__ACTION ITEM__.
Each entry should be set down exactly as written, except for any picture it holds.

═════ ENTRIES PROVIDED ═════

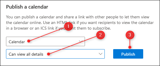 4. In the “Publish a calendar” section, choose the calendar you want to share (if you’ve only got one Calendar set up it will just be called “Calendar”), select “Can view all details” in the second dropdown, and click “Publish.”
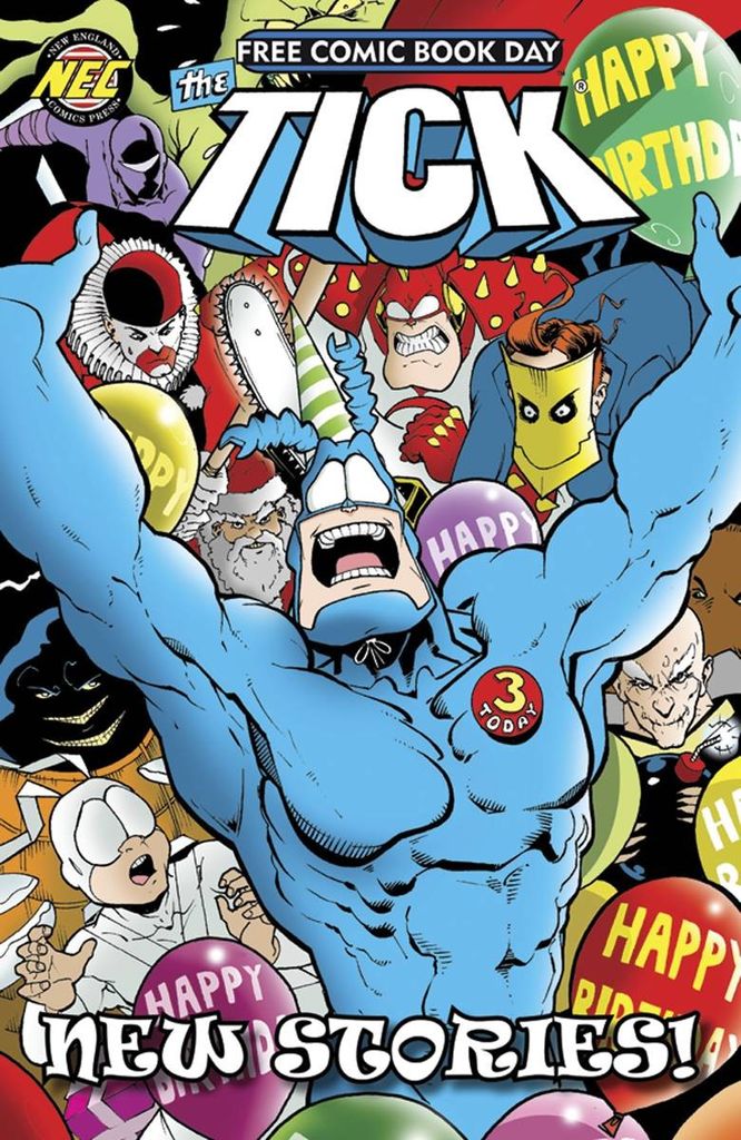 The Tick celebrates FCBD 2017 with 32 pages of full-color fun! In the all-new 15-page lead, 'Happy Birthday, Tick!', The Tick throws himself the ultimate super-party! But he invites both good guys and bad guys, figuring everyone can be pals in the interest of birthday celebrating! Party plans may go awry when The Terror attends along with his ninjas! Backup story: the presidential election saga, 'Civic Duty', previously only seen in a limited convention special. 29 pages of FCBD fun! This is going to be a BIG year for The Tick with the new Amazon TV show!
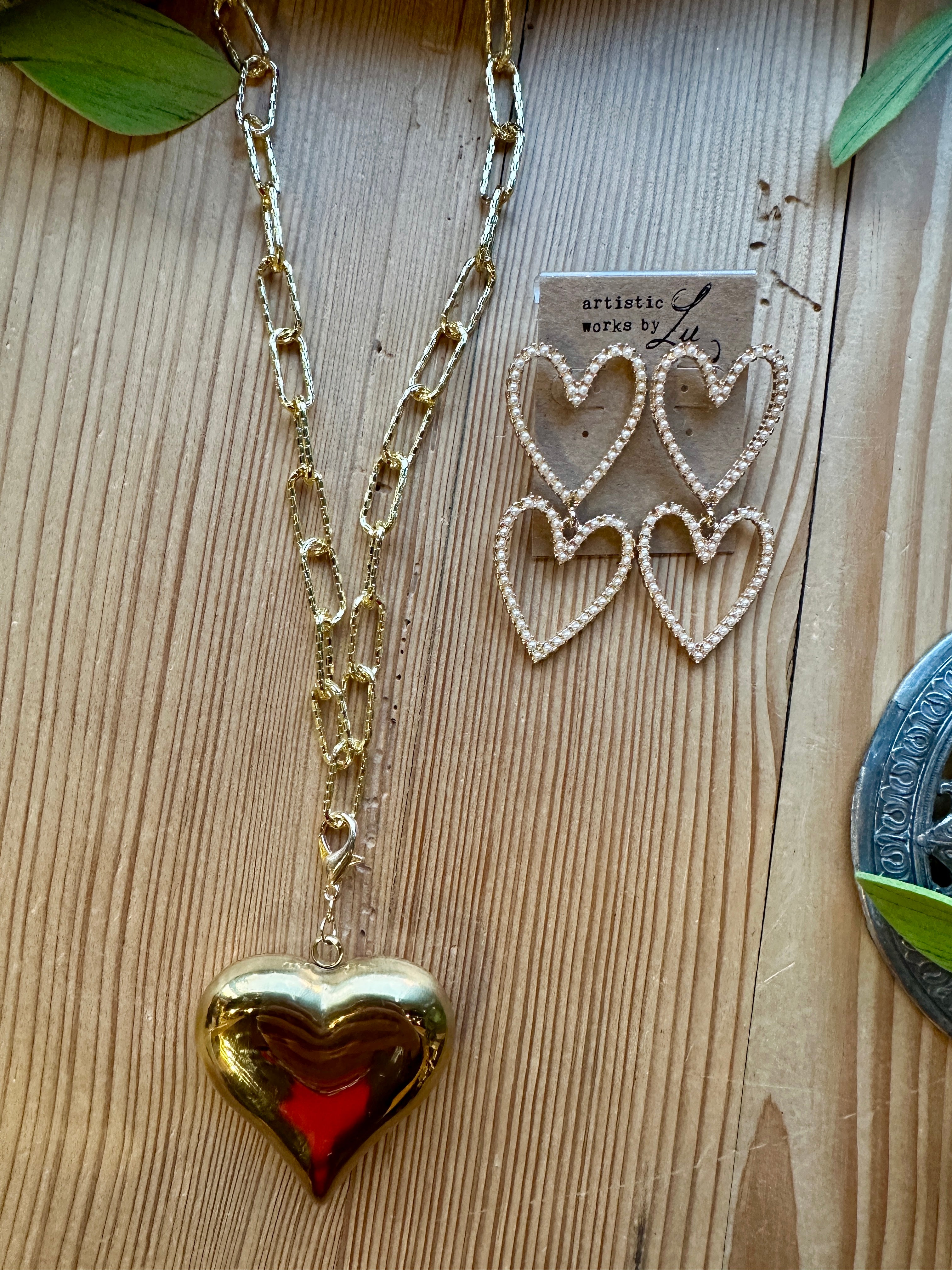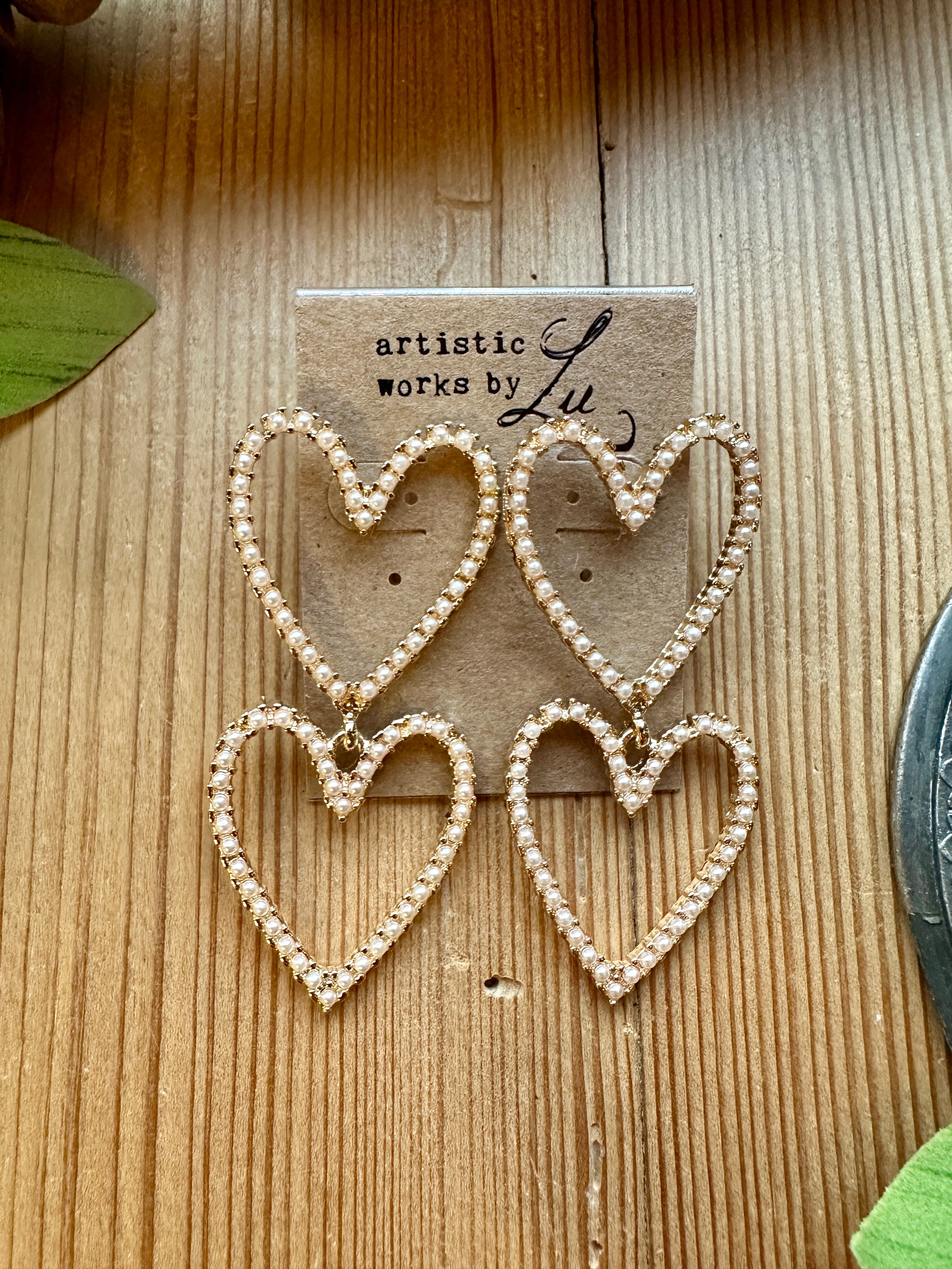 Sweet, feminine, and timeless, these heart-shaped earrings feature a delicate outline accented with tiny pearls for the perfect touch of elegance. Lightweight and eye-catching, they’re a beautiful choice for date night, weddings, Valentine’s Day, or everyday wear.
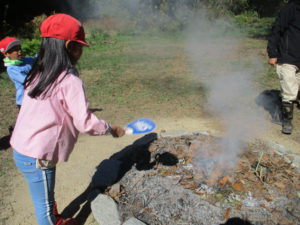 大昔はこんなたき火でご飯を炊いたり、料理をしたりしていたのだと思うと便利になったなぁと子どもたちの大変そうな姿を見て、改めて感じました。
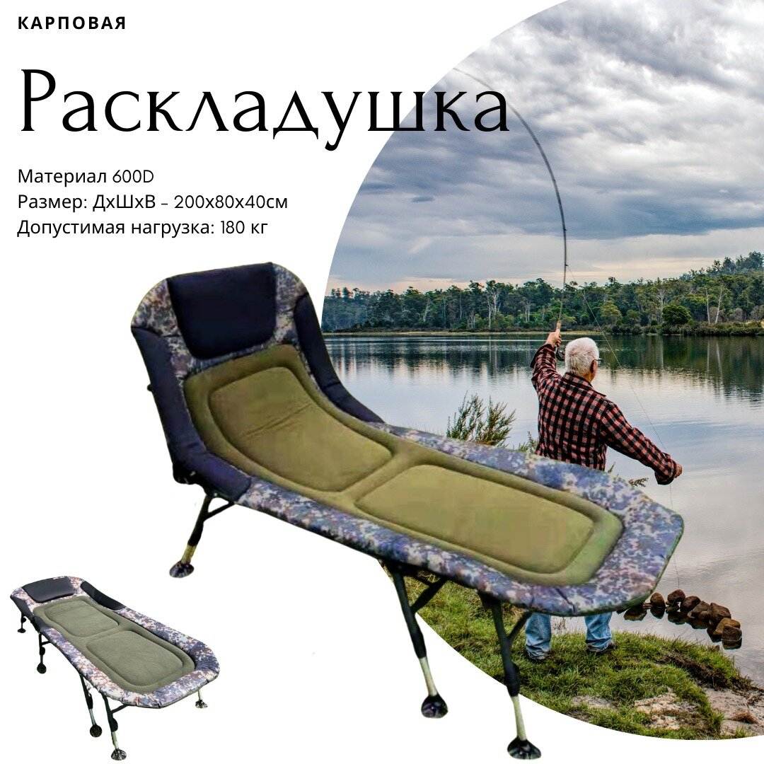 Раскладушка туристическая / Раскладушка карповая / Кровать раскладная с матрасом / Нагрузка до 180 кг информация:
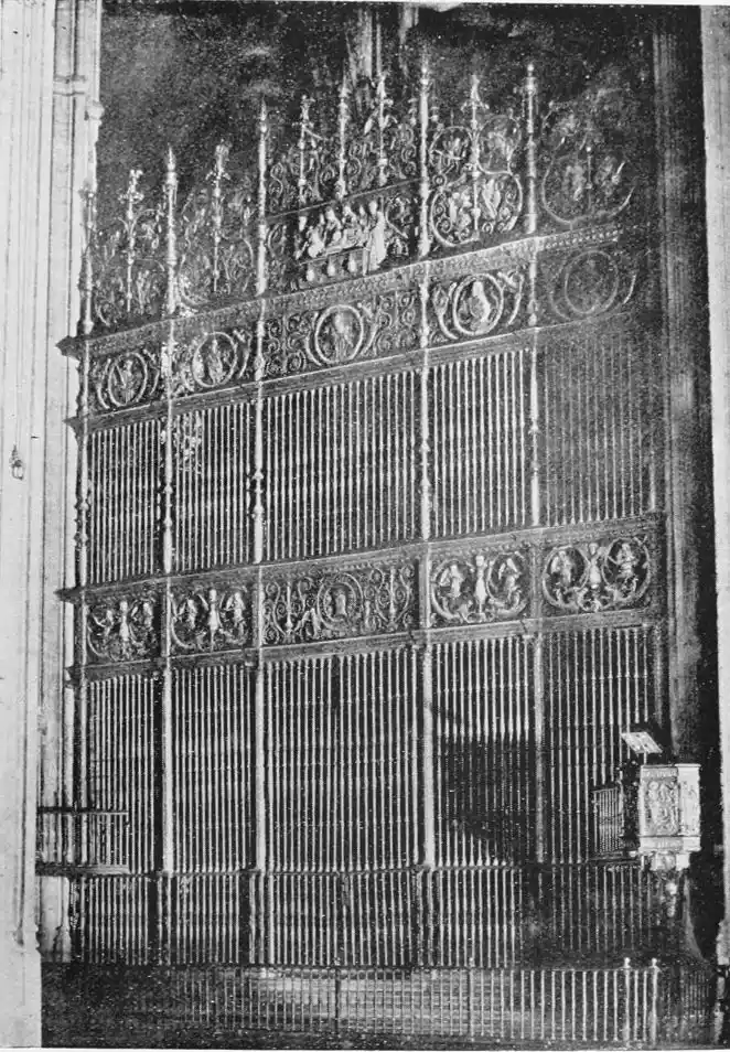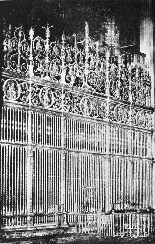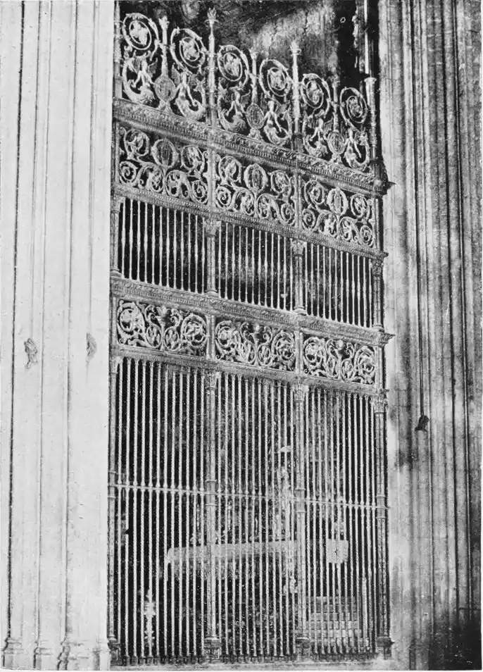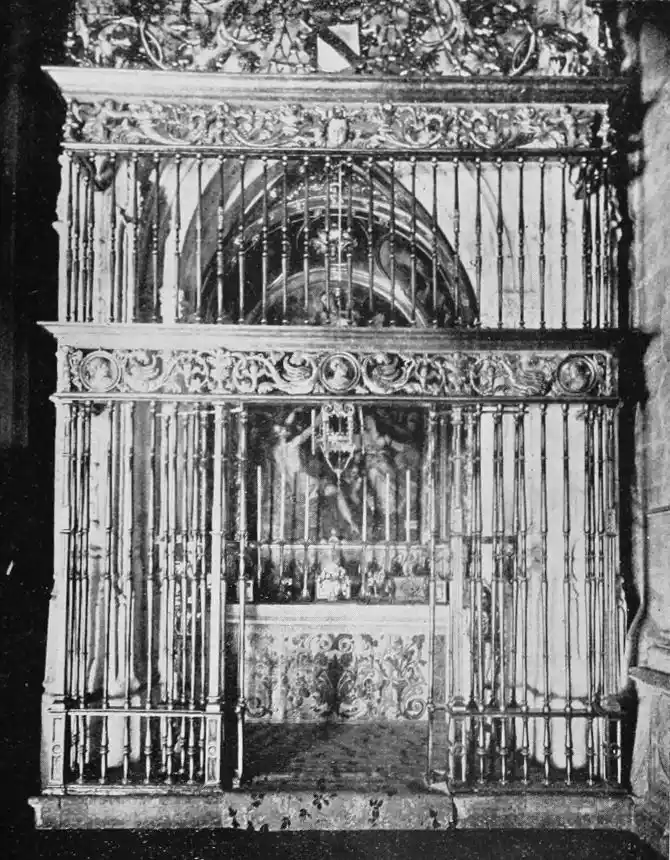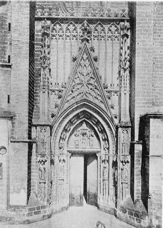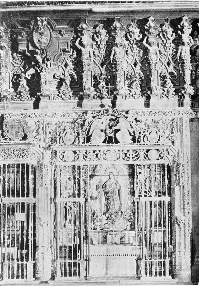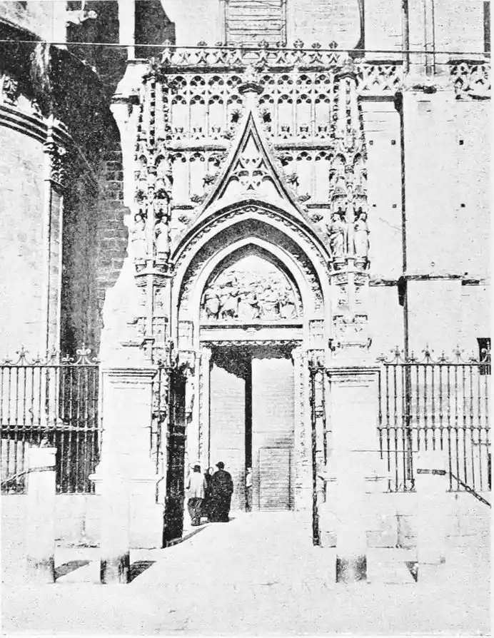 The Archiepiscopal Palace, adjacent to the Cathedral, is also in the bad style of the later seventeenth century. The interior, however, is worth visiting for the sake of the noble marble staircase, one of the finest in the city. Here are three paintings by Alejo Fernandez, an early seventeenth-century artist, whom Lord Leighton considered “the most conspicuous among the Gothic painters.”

═════

__REPLY__.
 4. In the “Publish a calendar” section, choose the calendar you want to share (if you’ve only got one Calendar set up it will just be called “Calendar”), select “Can view all details” in the second dropdown, and click “Publish.”
 The Tick celebrates FCBD 2017 with 32 pages of full-color fun! In the all-new 15-page lead, 'Happy Birthday, Tick!', The Tick throws himself the ultimate super-party! But he invites both good guys and bad guys, figuring everyone can be pals in the interest of birthday celebrating! Party plans may go awry when The Terror attends along with his ninjas! Backup story: the presidential election saga, 'Civic Duty', previously only seen in a limited convention special. 29 pages of FCBD fun! This is going to be a BIG year for The Tick with the new Amazon TV show!
 Sweet, feminine, and timeless, these heart-shaped earrings feature a delicate outline accented with tiny pearls for the perfect touch of elegance. Lightweight and eye-catching, they’re a beautiful choice for date night, weddings, Valentine’s Day, or everyday wear.
 大昔はこんなたき火でご飯を炊いたり、料理をしたりしていたのだと思うと便利になったなぁと子どもたちの大変そうな姿を見て、改めて感じました。
 Раскладушка туристическая / Раскладушка карповая / Кровать раскладная с матрасом / Нагрузка до 180 кг информация:
 The Archiepiscopal Palace, adjacent to the Cathedral, is also in the bad style of the later seventeenth century. The interior, however, is worth visiting for the sake of the noble marble staircase, one of the finest in the city. Here are three paintings by Alejo Fernandez, an early seventeenth-century artist, whom Lord Leighton considered “the most conspicuous among the Gothic painters.”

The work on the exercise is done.